=== Source material ===

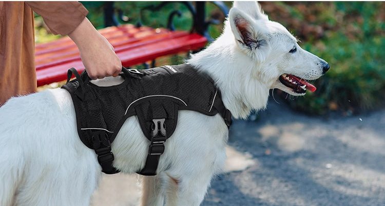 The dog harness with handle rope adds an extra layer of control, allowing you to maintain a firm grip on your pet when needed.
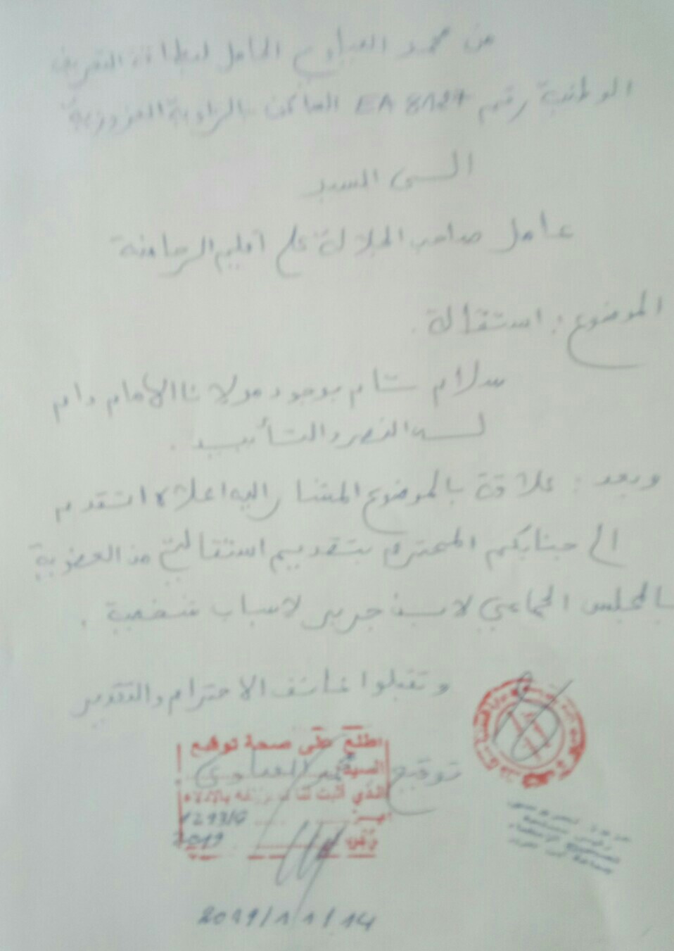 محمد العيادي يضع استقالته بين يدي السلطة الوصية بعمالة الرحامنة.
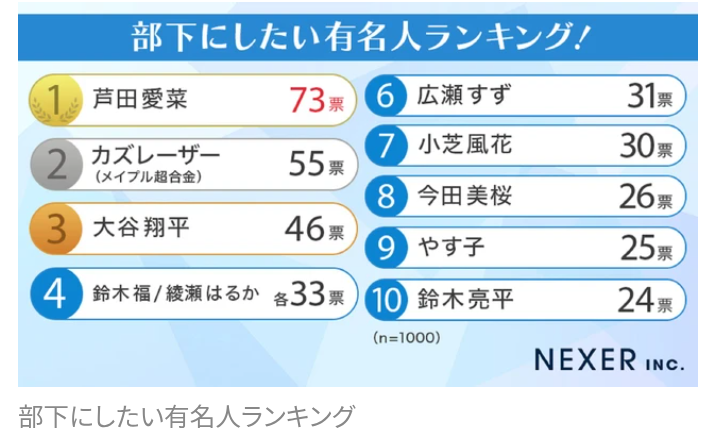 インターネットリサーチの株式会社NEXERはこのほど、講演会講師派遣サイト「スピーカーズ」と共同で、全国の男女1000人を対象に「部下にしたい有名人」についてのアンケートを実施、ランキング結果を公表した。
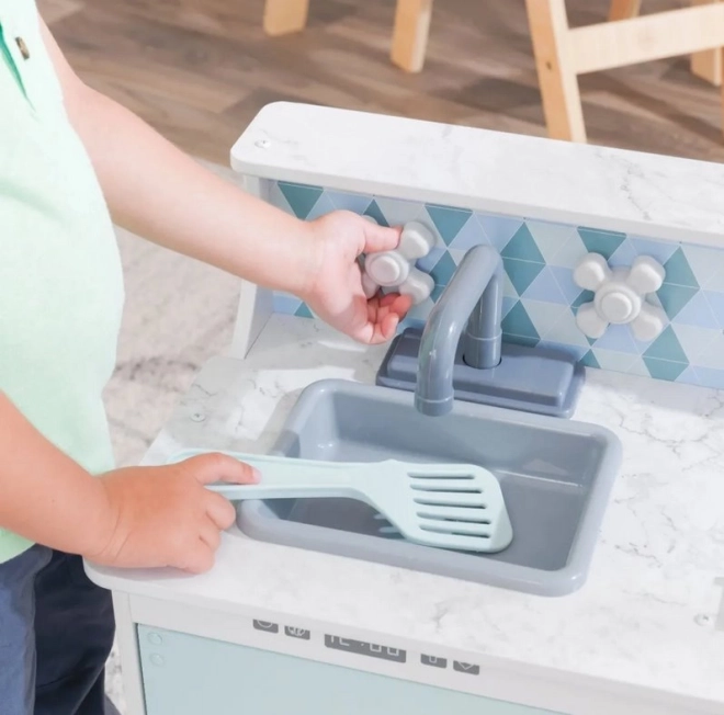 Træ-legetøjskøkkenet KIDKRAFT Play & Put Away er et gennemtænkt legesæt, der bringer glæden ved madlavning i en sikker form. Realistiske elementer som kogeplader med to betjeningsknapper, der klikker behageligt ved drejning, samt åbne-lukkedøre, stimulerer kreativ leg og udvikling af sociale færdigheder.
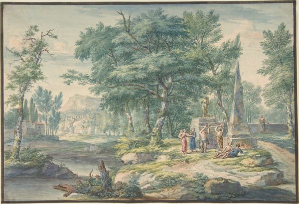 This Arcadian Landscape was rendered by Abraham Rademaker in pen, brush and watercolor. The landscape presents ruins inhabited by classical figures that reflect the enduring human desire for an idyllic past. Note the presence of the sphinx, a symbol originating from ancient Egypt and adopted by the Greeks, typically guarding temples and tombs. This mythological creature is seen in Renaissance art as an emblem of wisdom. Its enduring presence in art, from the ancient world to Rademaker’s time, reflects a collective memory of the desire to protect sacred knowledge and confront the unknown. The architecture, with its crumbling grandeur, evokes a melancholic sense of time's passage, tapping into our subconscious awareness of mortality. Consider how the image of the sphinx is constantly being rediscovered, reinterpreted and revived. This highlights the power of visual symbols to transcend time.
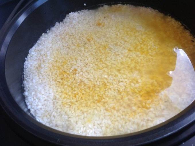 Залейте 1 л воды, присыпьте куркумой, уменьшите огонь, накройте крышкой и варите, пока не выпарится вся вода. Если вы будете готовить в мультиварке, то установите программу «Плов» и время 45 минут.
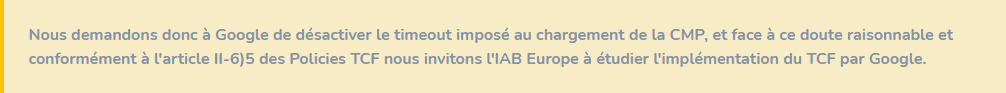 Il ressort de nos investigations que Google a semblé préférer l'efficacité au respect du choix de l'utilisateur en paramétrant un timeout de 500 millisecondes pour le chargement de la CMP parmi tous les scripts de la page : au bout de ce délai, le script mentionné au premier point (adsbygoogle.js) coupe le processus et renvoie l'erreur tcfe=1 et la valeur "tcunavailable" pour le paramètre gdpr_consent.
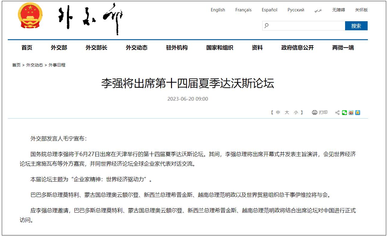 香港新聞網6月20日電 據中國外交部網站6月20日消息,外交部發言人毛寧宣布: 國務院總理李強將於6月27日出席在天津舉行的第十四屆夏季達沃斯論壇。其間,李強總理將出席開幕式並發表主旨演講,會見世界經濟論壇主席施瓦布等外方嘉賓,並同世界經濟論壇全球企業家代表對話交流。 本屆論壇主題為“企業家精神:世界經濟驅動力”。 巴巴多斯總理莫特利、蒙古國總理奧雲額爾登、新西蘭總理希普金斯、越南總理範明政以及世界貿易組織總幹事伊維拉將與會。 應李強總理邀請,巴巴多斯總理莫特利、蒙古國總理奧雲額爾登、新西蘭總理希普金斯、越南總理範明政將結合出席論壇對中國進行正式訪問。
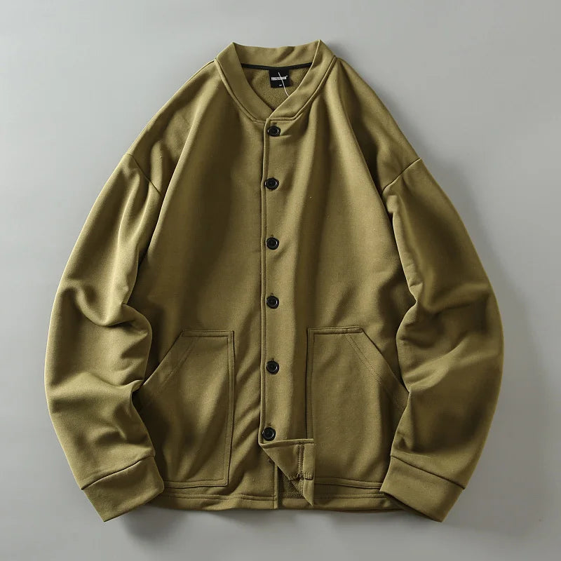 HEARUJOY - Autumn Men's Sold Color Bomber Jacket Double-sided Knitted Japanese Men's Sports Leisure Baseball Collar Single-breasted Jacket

===

Activity: The lines above from the line with "インターネットリサーチの株式" through the line with "Il ressort de" are to be given again word for word, with no pictures among them.

Task result:
 インターネットリサーチの株式会社NEXERはこのほど、講演会講師派遣サイト「スピーカーズ」と共同で、全国の男女1000人を対象に「部下にしたい有名人」についてのアンケートを実施、ランキング結果を公表した。
 Træ-legetøjskøkkenet KIDKRAFT Play & Put Away er et gennemtænkt legesæt, der bringer glæden ved madlavning i en sikker form. Realistiske elementer som kogeplader med to betjeningsknapper, der klikker behageligt ved drejning, samt åbne-lukkedøre, stimulerer kreativ leg og udvikling af sociale færdigheder.
 This Arcadian Landscape was rendered by Abraham Rademaker in pen, brush and watercolor. The landscape presents ruins inhabited by classical figures that reflect the enduring human desire for an idyllic past. Note the presence of the sphinx, a symbol originating from ancient Egypt and adopted by the Greeks, typically guarding temples and tombs. This mythological creature is seen in Renaissance art as an emblem of wisdom. Its enduring presence in art, from the ancient world to Rademaker’s time, reflects a collective memory of the desire to protect sacred knowledge and confront the unknown. The architecture, with its crumbling grandeur, evokes a melancholic sense of time's passage, tapping into our subconscious awareness of mortality. Consider how the image of the sphinx is constantly being rediscovered, reinterpreted and revived. This highlights the power of visual symbols to transcend time.
 Залейте 1 л воды, присыпьте куркумой, уменьшите огонь, накройте крышкой и варите, пока не выпарится вся вода. Если вы будете готовить в мультиварке, то установите программу «Плов» и время 45 минут.
 Il ressort de nos investigations que Google a semblé préférer l'efficacité au respect du choix de l'utilisateur en paramétrant un timeout de 500 millisecondes pour le chargement de la CMP parmi tous les scripts de la page : au bout de ce délai, le script mentionné au premier point (adsbygoogle.js) coupe le processus et renvoie l'erreur tcfe=1 et la valeur "tcunavailable" pour le paramètre gdpr_consent.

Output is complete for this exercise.